*** GIVEN MATERIAL

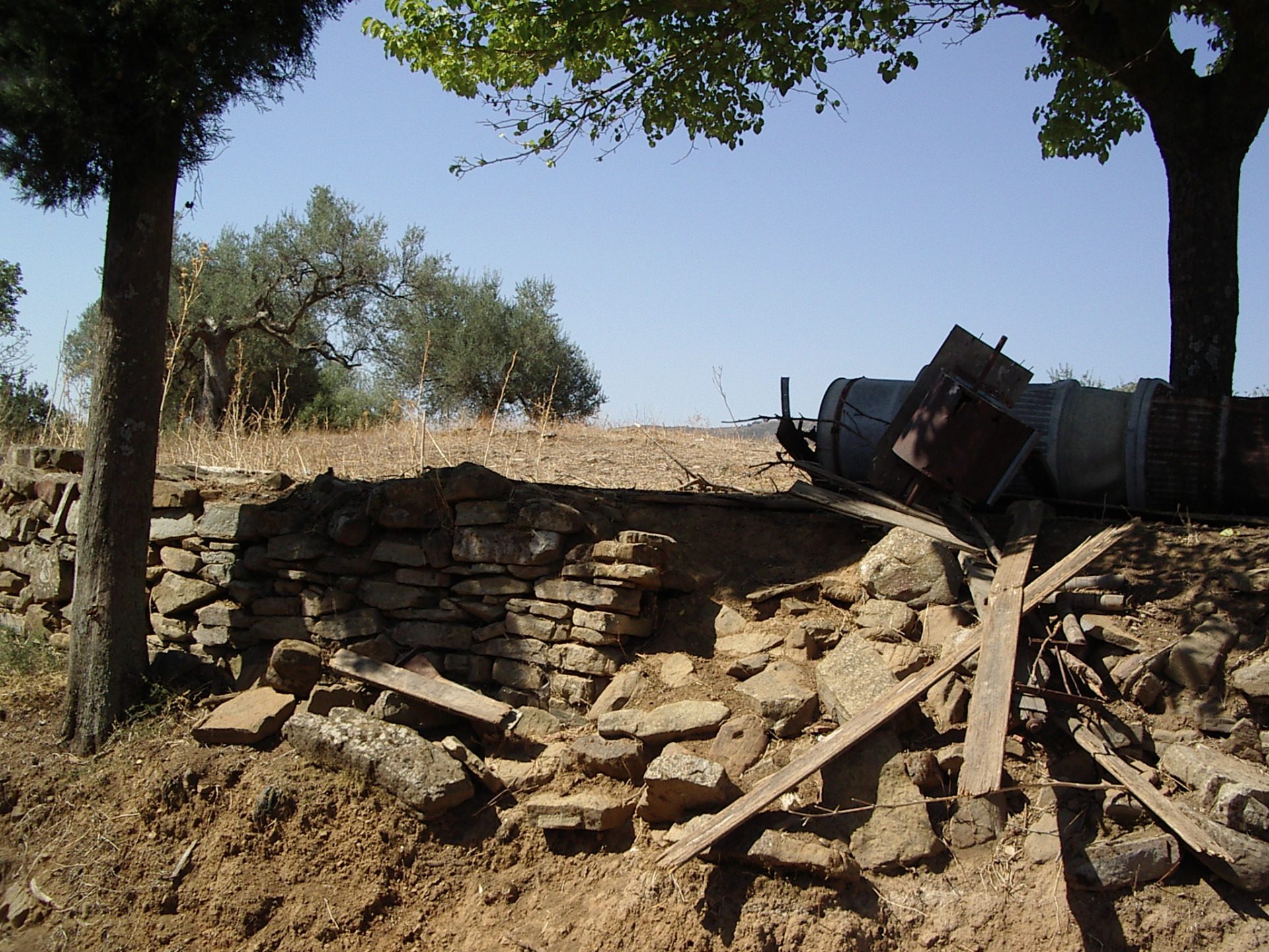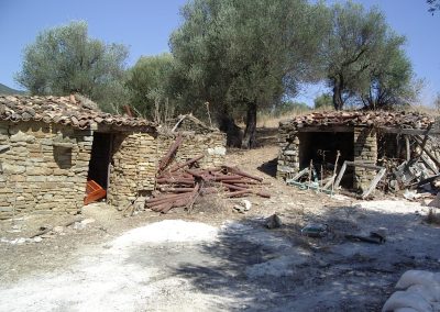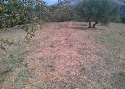 - Harvesting of olives. Because Santomeri region is a mountainous region, we use harvestors with gliders to reach the highest placed olive trees. This is hard work.
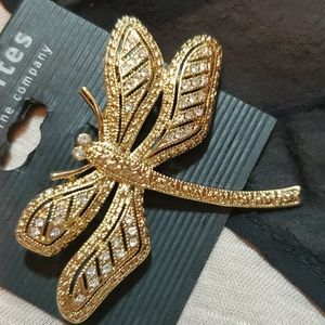 NEW with tags Vintage Liz Claiborne gold tone brooch pin. Dragonfly
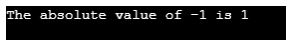 Code Explanation: Since we are passing -1, i.e., a negative number in the function abs(), we get the absolute value of the number that was given as input, i.e., 1.

******

TO DO:
Write out the whole listing above exactly, minus images.

ANSWER BELOW:
 - Harvesting of olives. Because Santomeri region is a mountainous region, we use harvestors with gliders to reach the highest placed olive trees. This is hard work.
 NEW with tags Vintage Liz Claiborne gold tone brooch pin. Dragonfly
 Code Explanation: Since we are passing -1, i.e., a negative number in the function abs(), we get the absolute value of the number that was given as input, i.e., 1.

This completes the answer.